NASA’s Cassini project scientist Linda Spilker explains how smaller icy objects like comets probably got trapped in Saturn’s gravitational pull and were torn to shreds, helping to form the incredible rings we see today.

"For younger rings, it would require a comet, or a centaur (one of a group of small, icy objects), or perhaps even a moon moving too close to Saturn. Saturn's gravity would break apart that object and then the remaining bits would go on to form rings," Spilker said to the BBC.

"Perhaps that's happened more than once. Maybe some of the differences we see in the rings are from different objects that were broken apart. But if the rings are less massive they won't have had the mass to survive the micro-meteoroid bombardment that we estimate to have happened since the formation of the planet.

While Saturn's rings are likely 100 million years old, the team analyzing Cassini's results admits how there’s still room for refinement. It's merely a ‘best guess’ based on the initial data we’ve received from the spacecraft throughout its Grand Finale, and that number could change as these close-up observations continue through mid-September.

Cassini will snap its last photos on September 14th in preparation for the suicidal dive into Saturn’s atmosphere. It's a bummer considering how much Cassini has contributed to science, but NASA decided this fate for the probe to keep it from colliding with potentially habitable moons like Enceladus and Titan and contaminating their surfaces before we can study them.
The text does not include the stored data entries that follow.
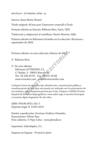 Este documento presenta una introducción a la expresión corporal como actividad pedagógica para niños de 3 a 10 años. Explica que la expresión corporal permite comunicar ideas a través del movimiento del cuerpo de manera auténtica. A continuación, propone 40 juegos de expresión corporal organizados en cuatro categorías temáticas y ofrece consejos sobre cómo variar los juegos y la conducta pedagógica del maestro.
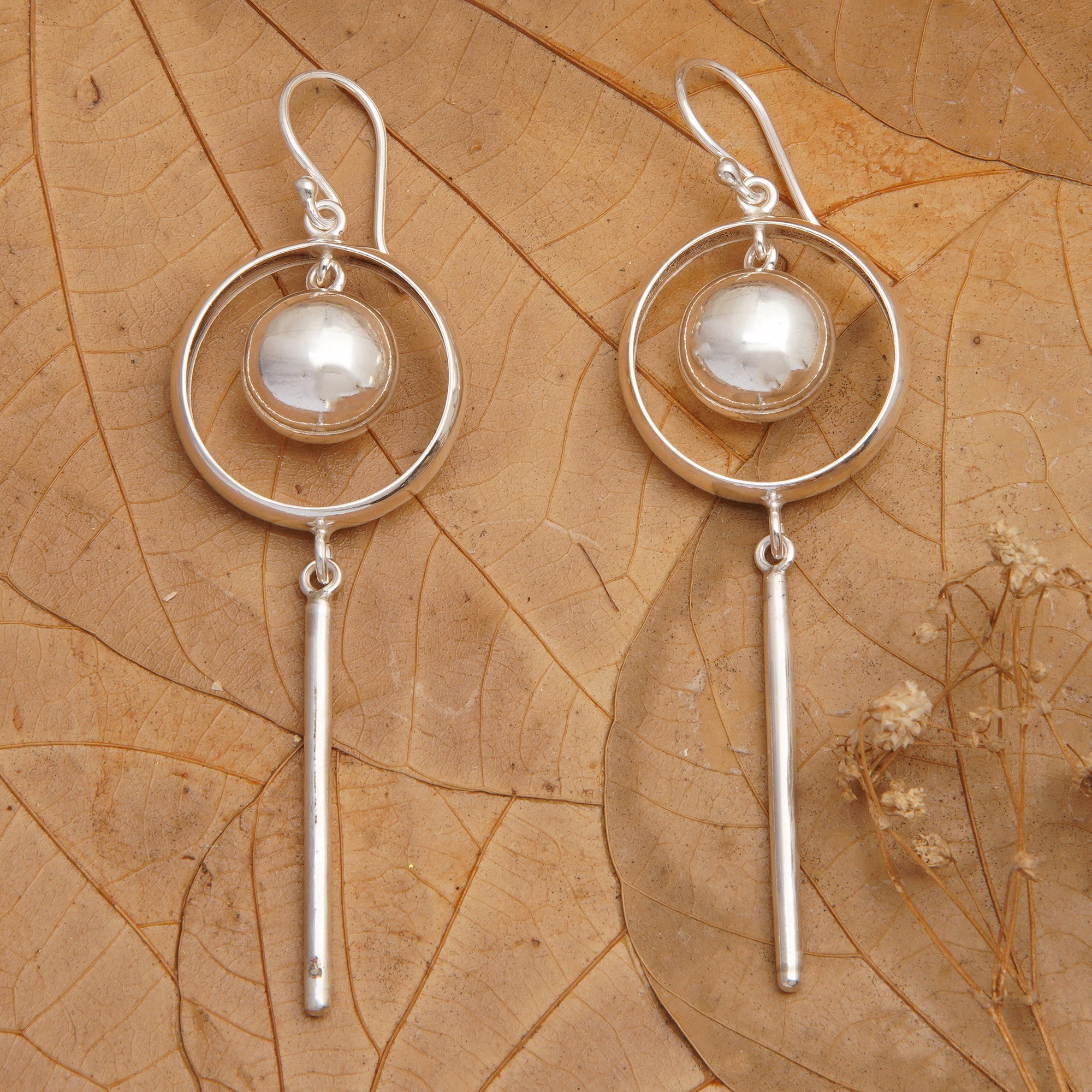 Mysticism and ethereal beauty emerge from these sterling silver dangle earrings made by the talented artisan Griya Suarningsih from Bali. Inspired by avant-garde trends and determined to spread a message of love for the earth, the artisan joins round pieces to elegant bars, all in a high polish finish for a luminous look.
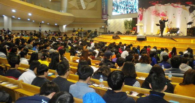 집회 기간 대예배실 1층 좌석은 참가자들로 가득 찼고 자리에 앉지 못한 청소년들은 강단 앞 바닥에 앉아 말씀을 들을 정도로 성황을 이뤘다.
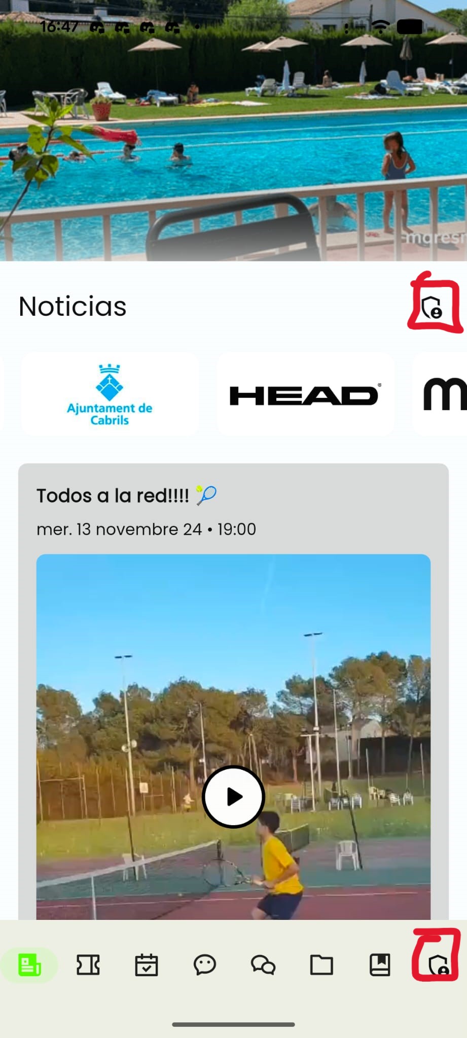 Editors can use the button in front of News (Noticias in the below Spanish example) while Admins can use either the same button as Editors or switch to the Admin mode using the last tab icon on the bottom left of the app.
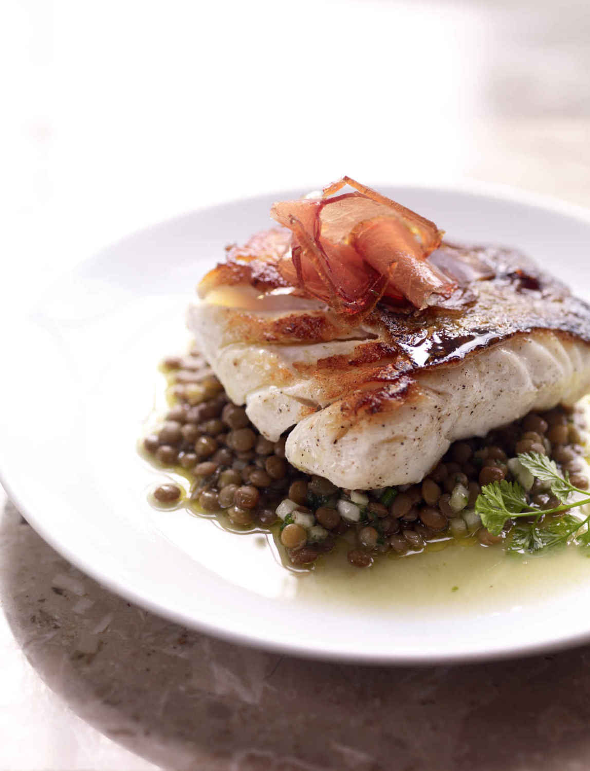 La terrosidad de las lentejas combina muy bien con el bacalao en este reconfortante plato invernal. Para una versión más veraniega, puedes servir las lentejas frías con un poco de zumo de limón. .
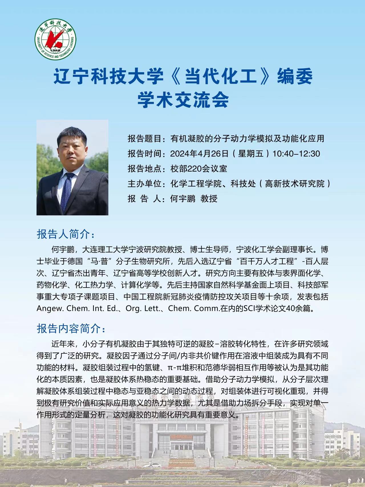 学术预告:有机凝胶的分子动力学模拟及功能化应用
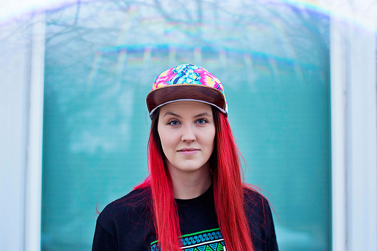 A woman wearing headphones looking at her cell phone.
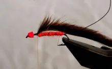 , so my brown zonker strip was combined with an orange cone head for weight as well as color, and orange hackle and rubber legs for color and action.
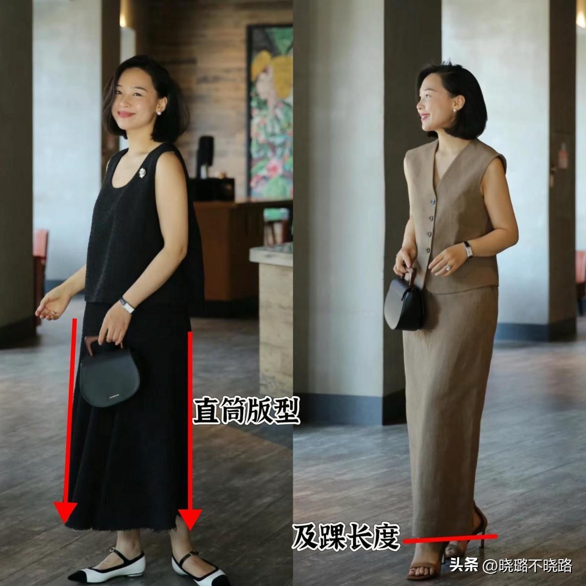 整體搭配應當“鬆緊結合”,比如,衣襬寬鬆的無袖上衣,可以搭配裙襬窄一點的直筒長裙;亦或者,收腰款式的無袖馬甲,配過膝傘裙,輕鬆掐出腰線。
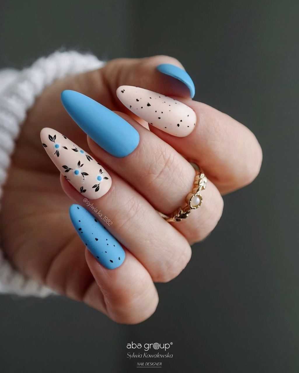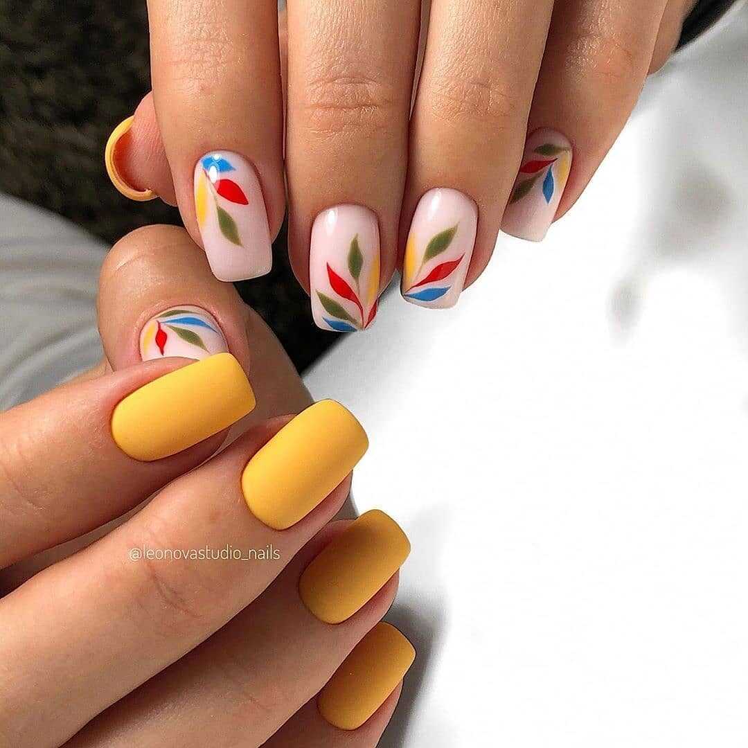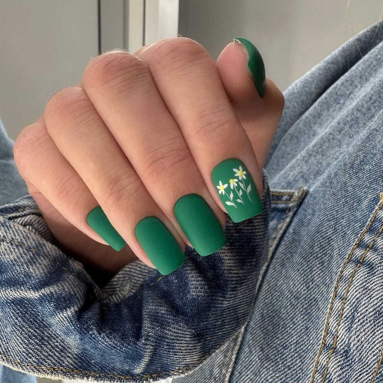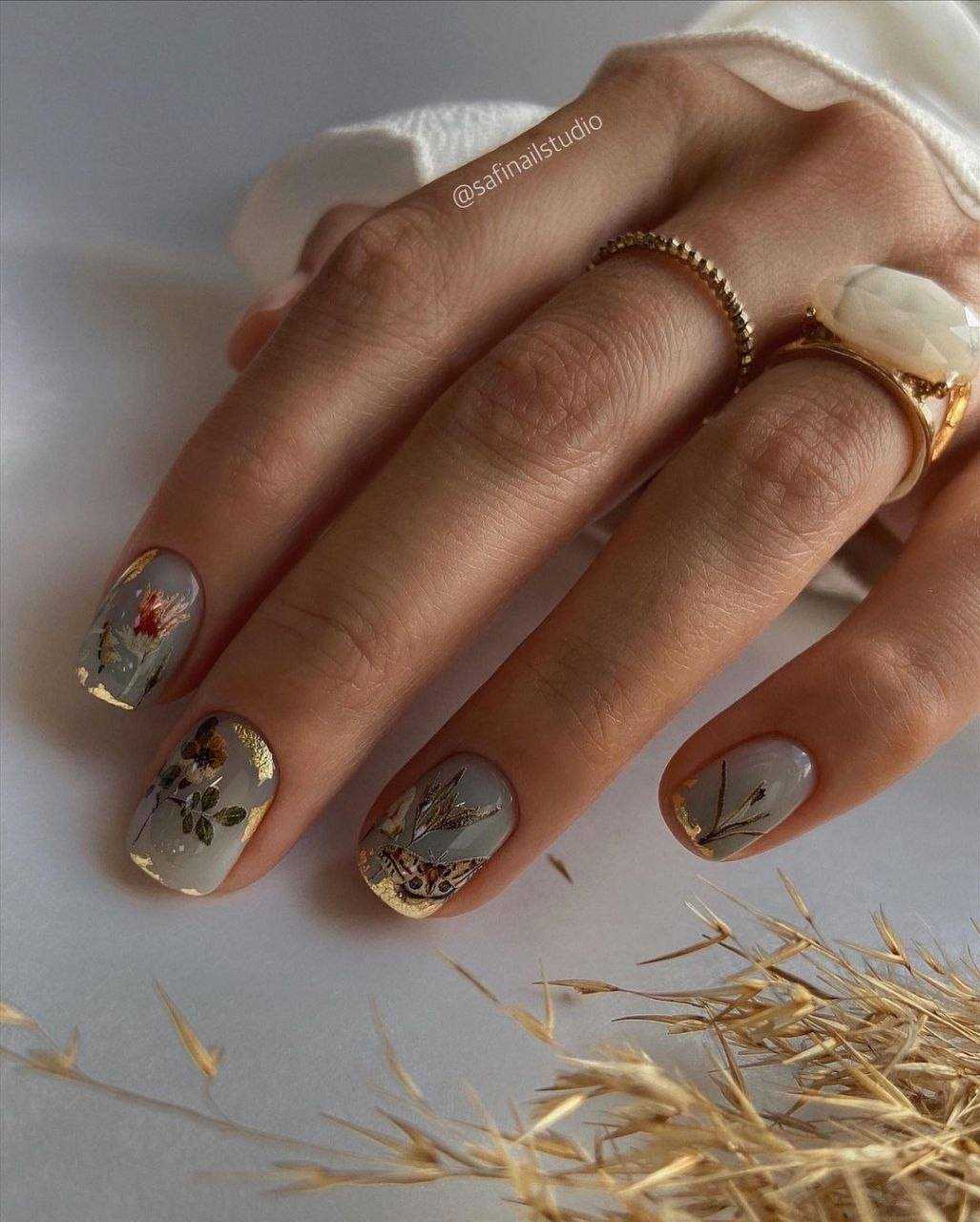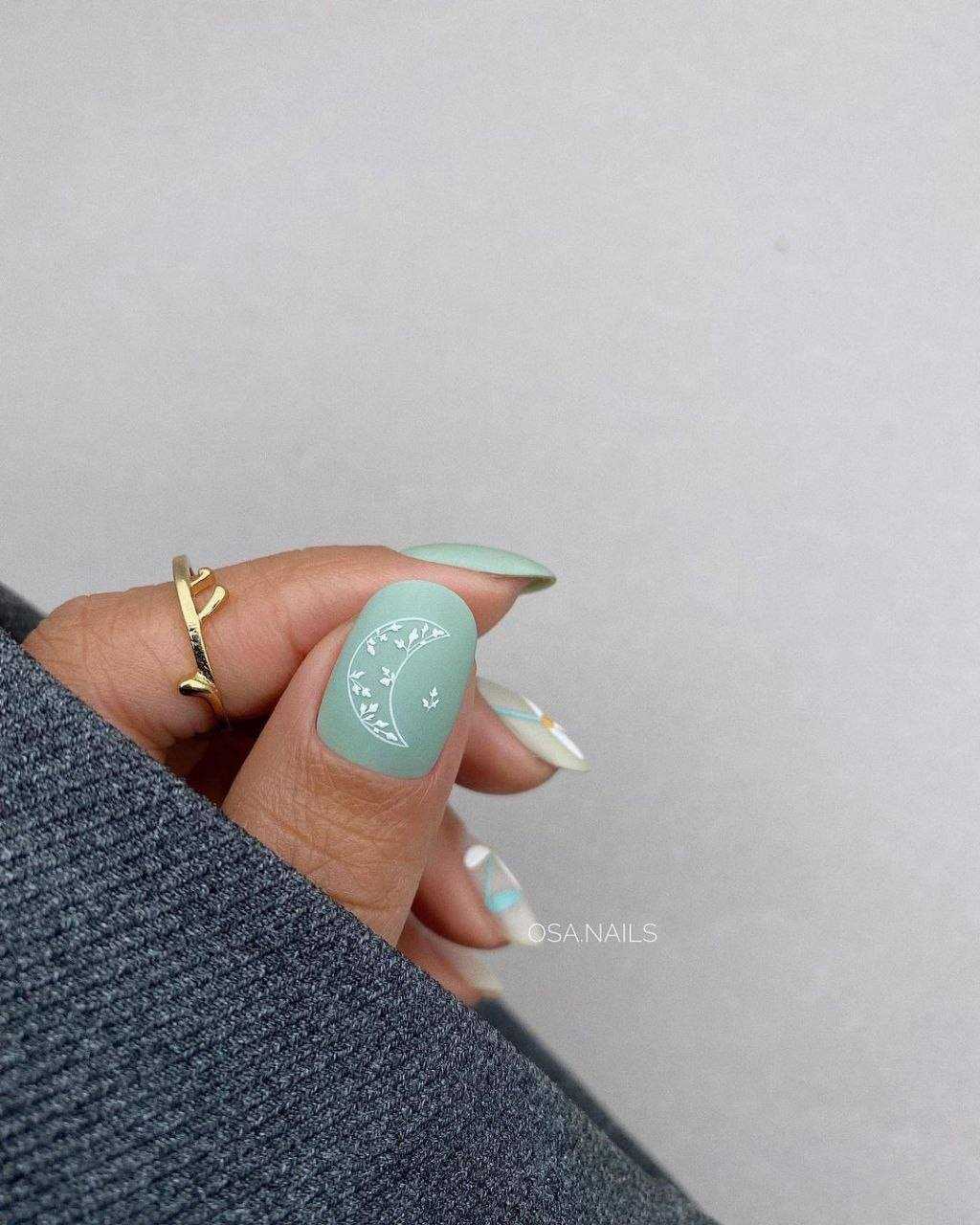 | 2. Матовый маникюр с легкими цветочными узорами. | |
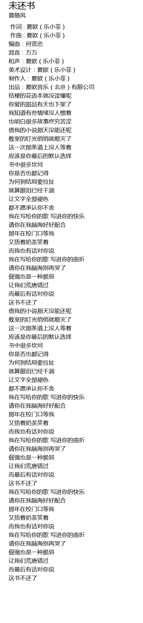| [00:00.000] | 作词 : 夏欧(乐小菲) |
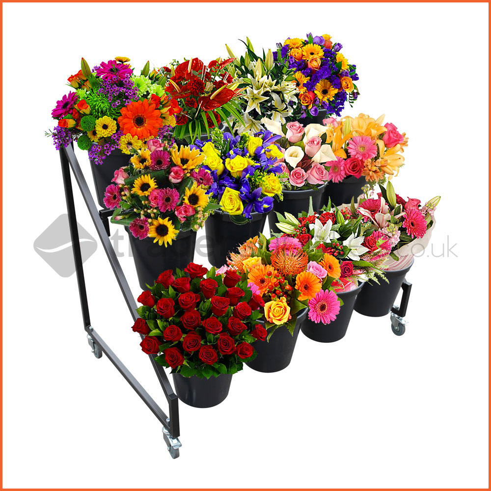 Flower Supplies Wholesale . flower Display stands. Most flower display racks come complete with buckets. We also have several retail store display shelving units, pegboard and slat wall flower displays. All metal floral display racks are non-rusting, powder coated steel for long life. ... Access Doc

Amid all the excitement, it should be interesting to learn whether astronomers will make any other determinations before the Cassini mission officially ends.

Source: BBC

About the Author
  • Fascinated by scientific discoveries and media, Anthony found his way here at LabRoots, where he would be able to dabble in the two. Anthony is a technology junkie that has vast experience in computer systems and automobile mechanics, as opposite as those sound.
You May Also Like
OCT 29, 2020
Space & Astronomy
Water Found on Moon Enough to Sustain a Lunar Base
OCT 29, 2020
Water Found on Moon Enough to Sustain a Lunar Base
For the first time, scientists have found water on the moon's sunlit surface. Coupled with other evidence of water i ...
NOV 14, 2020
Space & Astronomy
Bacteria Make Space Mining 400% More Effective
NOV 14, 2020
Bacteria Make Space Mining 400% More Effective
Researchers aboard the International Space Station (ISS) have shown that bacteria can increase space mining efficiency b ...
NOV 17, 2020
Space & Astronomy
Researchers Find Human Brain Shares Structure with Universe
NOV 17, 2020
Researchers Find Human Brain Shares Structure with Universe
Astrophysicist Franco Vazza from the University of Bologna, and Alberto Felett, a neurosurgeon at the University of Vero ...
JAN 05, 2021
Space & Astronomy
Could Earth's Microbes Help Us Find Extraterrestrial Life?
JAN 05, 2021
Could Earth's Microbes Help Us Find Extraterrestrial Life?
As scientists are learning more about microbes existing in the higher echelons of the Earth's atmosphere, they are b ...
MAR 16, 2021
Space & Astronomy
Revealing the Origins of Jupiter's Spectacular Auroras
MAR 16, 2021
Revealing the Origins of Jupiter's Spectacular Auroras
Many years ago, the Hubble Space Telescope was able to catch a glimpse of amazing auroras that occur on Jupiter. Now res ...
MAR 17, 2021
Microbiology
Novel Bacteria Discovered on Space Station
MAR 17, 2021
Novel Bacteria Discovered on Space Station
Scientists have known that wherever humans go, we carry microorganisms with us, and the International Space Station is n ...
Loading Comments...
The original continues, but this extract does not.